Many people have a happy agreement with their horse, whereby the rider is happy when their horse mostly does as they ask for most of the time. Whether they ride in an arena, in a paddock, down the road or on the trail, many people are happy to simply arrive at their destination. They don’t really care too much how they get there.
For example, when they trot a circle, many riders either don’t care or aren’t aware when their horse runs faster on one side of the circle, or cuts in on the other side. So long as they ride in a circle of some kind, they’re happy. When they ask their horse to canter, many riders don’t care if their horse runs along for several steps before he canters. So long as they end up cantering, they’re happy.
And of course, horses are always willing to go along with compromises like these. After all, horses always have their own idea of what they want to do. They may want to stop and look at things when they walk down the road. They may prefer to wander here and there when they trot a circle. And when a horse is asked to canter, he’ll be more than happy to run along for a few steps first.
The problem with having a happy agreement like this, is that your horse will be happy to half do what you want, most of the time. However, when your horse decides he doesn’t want to do something, your agreement will become decidedly unhappy. Your horse will resist and fight against you because he knows you’ll eventually give up and allow him to do as he pleases.
That’s why it’s so important to make your horse move exactly where you ask, exactly how you ask, at the exact speed you ask, at all times. Even when you relax and walk on a loose rein, your horse must still concentrate on these three things.
Only when you concentrate on these things at all times, will you and your horse be able to relax. Your horse will learn that life is easy and pleasant for him when he does as you ask. He’ll learn to concentrate on you and what you want, rather than wandering here and there or cutting in on the circle or running along before he canters.

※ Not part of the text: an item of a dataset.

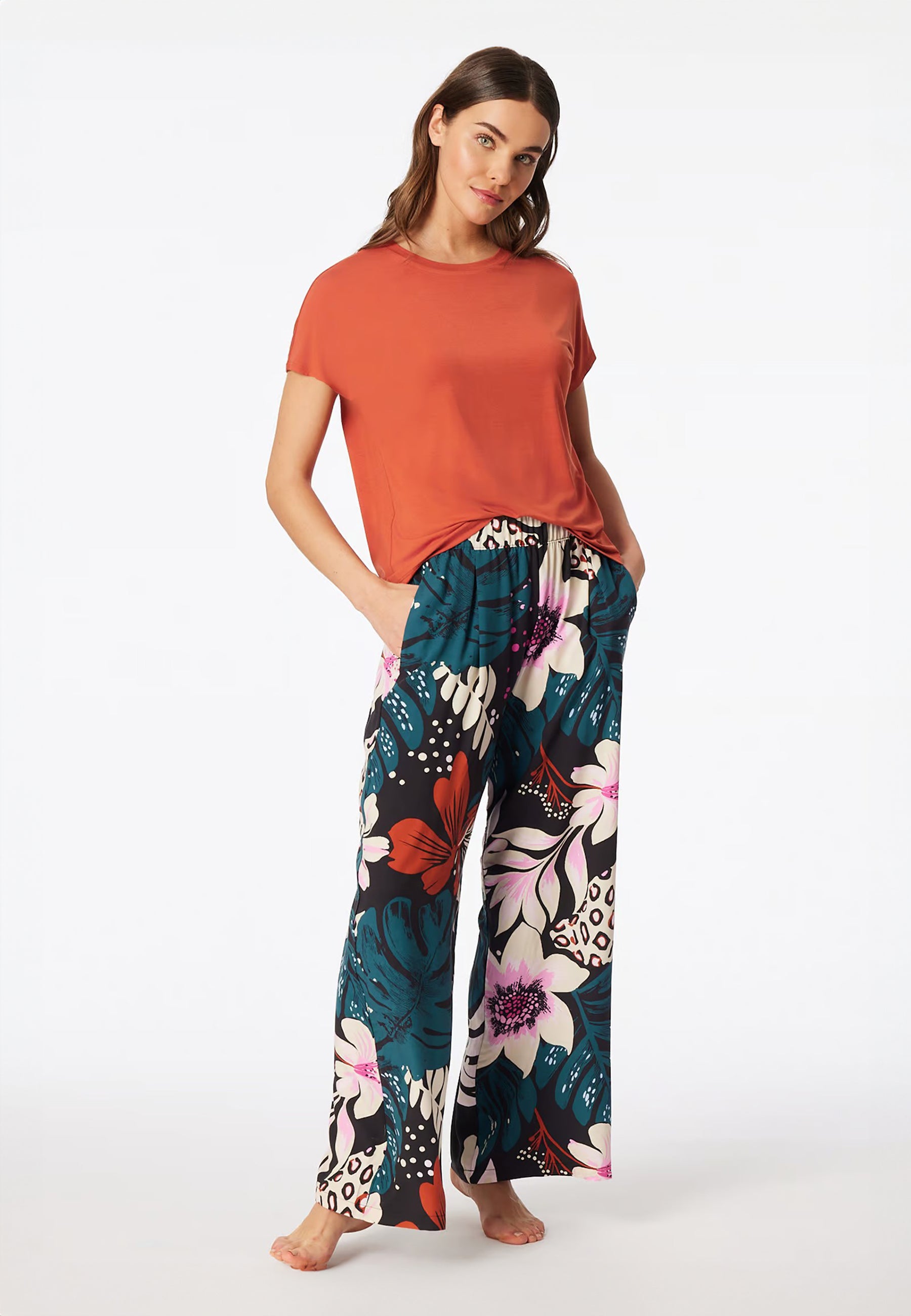 Questa maglietta donna Schiesser della linea Mix & Relax è pensata per offrire una sensazione di benessere costante durante tutta la giornata. Il tessuto in modal leggero si distingue per la sua morbidezza setosa e per l’elevata traspirabilità, risultando particolarmente piacevole a contatto con la pelle. La struttura a mezza manica e lo scollo a V valorizzano la linea del capo con discrezione, rendendolo adatto sia come t-shirt da indossare a vista sia come base confortevole sotto altri indumenti.
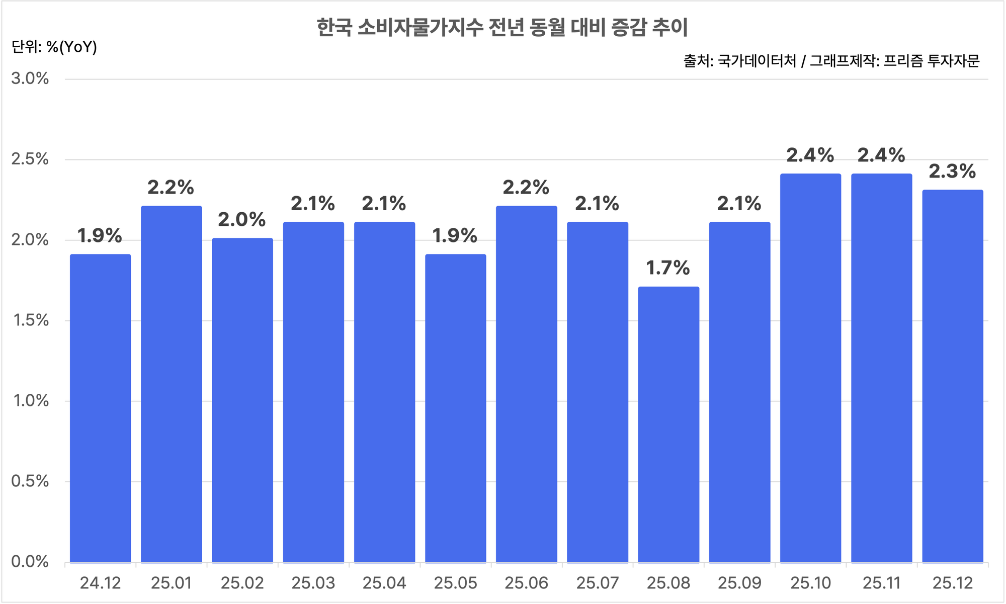 올해 2.1%는 2020년 이후 5년 만에 가장 낮은 상승률이지만, 정부가 ‘2025년 경제정책방향’에서 제시한 전망치 1.8%를 0.3%p 상회했고, 한국은행의 물가안정 목표치 2.0%도 소폭 웃도는 수준이에요.

Like every stage of horse training, it’s up to you. Near enough must never be good enough. You won’t improve if you’re happy with second best. As a rider, you must be definite and consistent every step of the way. You must always have a plan of exactly what you want your horse to do. You must always concentrate on your horse and make sure he moves exactly where you ask, in the gait you ask, at the speed you ask.
Don’t expect your horse to be instantly perfect. Always aim for perfection but be happy with the slightest improvement. And remember, there’s always tomorrow.